### [What you will do]
When you copy the data, keep every line exactly as written and skip the pictures.

### [Given information]

********

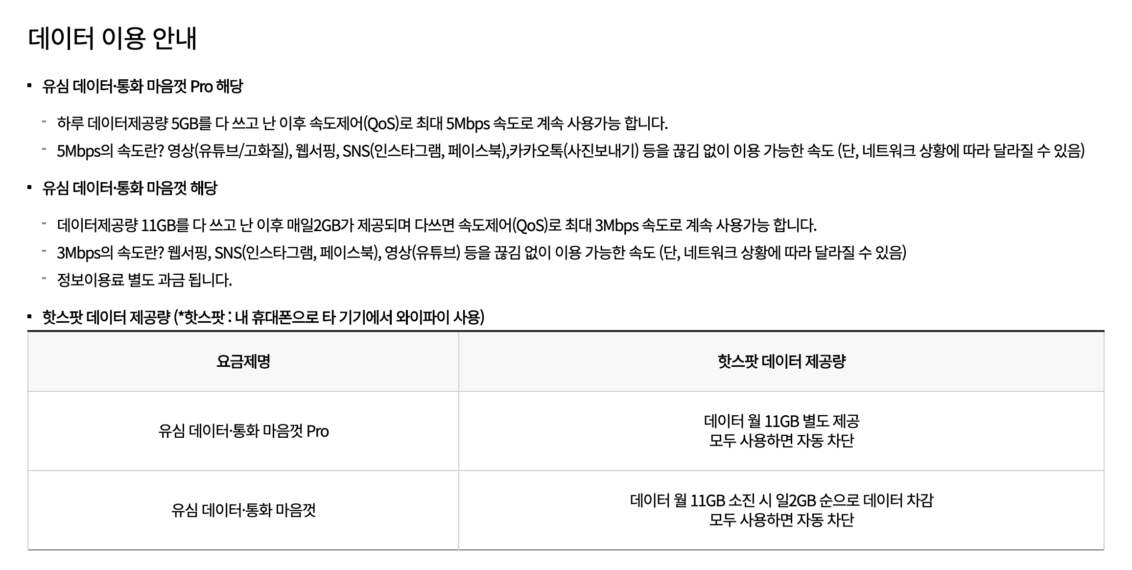 한 달에 속도 제한 없는 11기가의 데이터 용량이 주어지고 모두 사용 시 하루 2기가의 용량을 지급합니다. 2기가를 모두 소진하여도 3Mbps의 속도로 무제한 이용이 가능합니다.
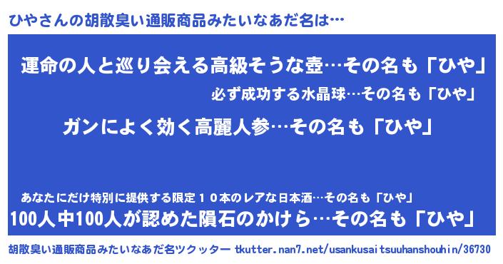 | ヒーロー風カッコイイあだ名 | 『ウルトラ戦士ヒヤ』『ウルトラひやマン』 |
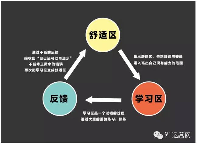 对应到相应的工作场景:假设我是一个网站的内容编辑,我每天的工作就是重复性的挑选文章——编辑(标题、排版、引流)执行这2个流程,当我重复一个月后,这件事闭着眼睛都能做完达到非常熟练后,这个时候有大部分人可能开始抱怨“这件工作没意思,学不到什么”,如果要让自己快速成长,其实这时候你应该跳出舒适区,学习一下挑选的文章怎样才是用户感兴趣的(用户需求),把这件事重复做通过外部或者自己的观察反馈,不断修正细小的问题,这个时候你可能就非常了解你的目标用户需求了。非常熟练地挑选文章之后你再进入学习区,知道用户需求之后你应该学习一下文章排版,内容的包装,这个时候你已经有意识地往用户体验这块去做了。持续性的坚持,到最后你可能就发展成一个产品经理了。其实这种每天发觉自己再进步的感觉是妙不可言的。不信?你们不妨试一下!
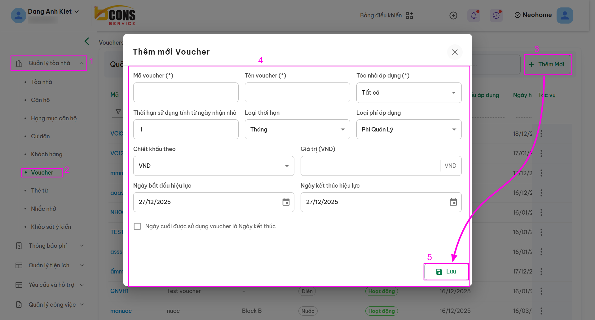 Bước 3: Kiểm tra thông tin và bấm nút Lưu để hoàn tất tạo mới Voucher.
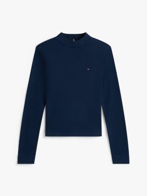 This slim-fitting long-sleeved top is crafted from ribbed-texture pure cotton and features a mock neck, creating a chic look.
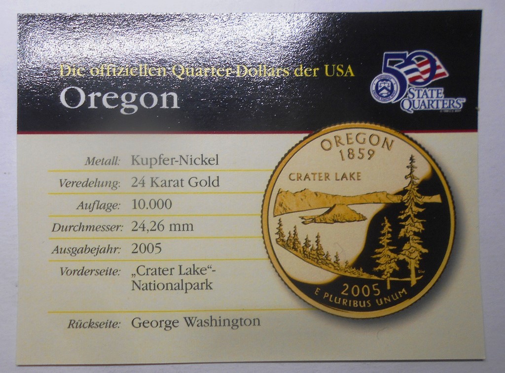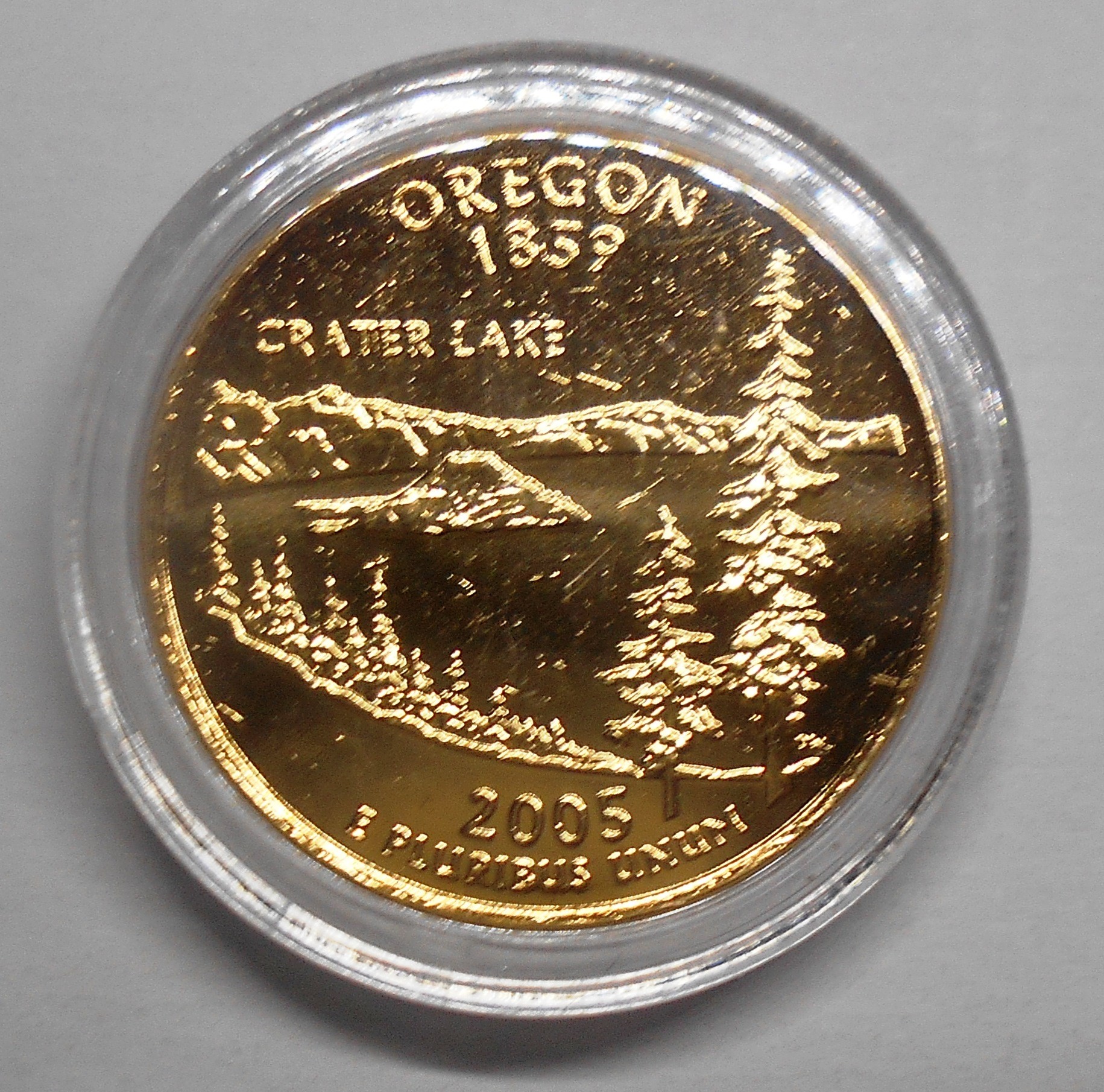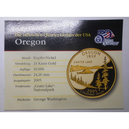 USA 1/4 Dollar 2005 D Oregon (24 Karat Gold Plated)

********

### [Solution]
 한 달에 속도 제한 없는 11기가의 데이터 용량이 주어지고 모두 사용 시 하루 2기가의 용량을 지급합니다. 2기가를 모두 소진하여도 3Mbps의 속도로 무제한 이용이 가능합니다.
 | ヒーロー風カッコイイあだ名 | 『ウルトラ戦士ヒヤ』『ウルトラひやマン』 |
 对应到相应的工作场景:假设我是一个网站的内容编辑,我每天的工作就是重复性的挑选文章——编辑(标题、排版、引流)执行这2个流程,当我重复一个月后,这件事闭着眼睛都能做完达到非常熟练后,这个时候有大部分人可能开始抱怨“这件工作没意思,学不到什么”,如果要让自己快速成长,其实这时候你应该跳出舒适区,学习一下挑选的文章怎样才是用户感兴趣的(用户需求),把这件事重复做通过外部或者自己的观察反馈,不断修正细小的问题,这个时候你可能就非常了解你的目标用户需求了。非常熟练地挑选文章之后你再进入学习区,知道用户需求之后你应该学习一下文章排版,内容的包装,这个时候你已经有意识地往用户体验这块去做了。持续性的坚持,到最后你可能就发展成一个产品经理了。其实这种每天发觉自己再进步的感觉是妙不可言的。不信?你们不妨试一下!
 Bước 3: Kiểm tra thông tin và bấm nút Lưu để hoàn tất tạo mới Voucher.
 This slim-fitting long-sleeved top is crafted from ribbed-texture pure cotton and features a mock neck, creating a chic look.
 USA 1/4 Dollar 2005 D Oregon (24 Karat Gold Plated)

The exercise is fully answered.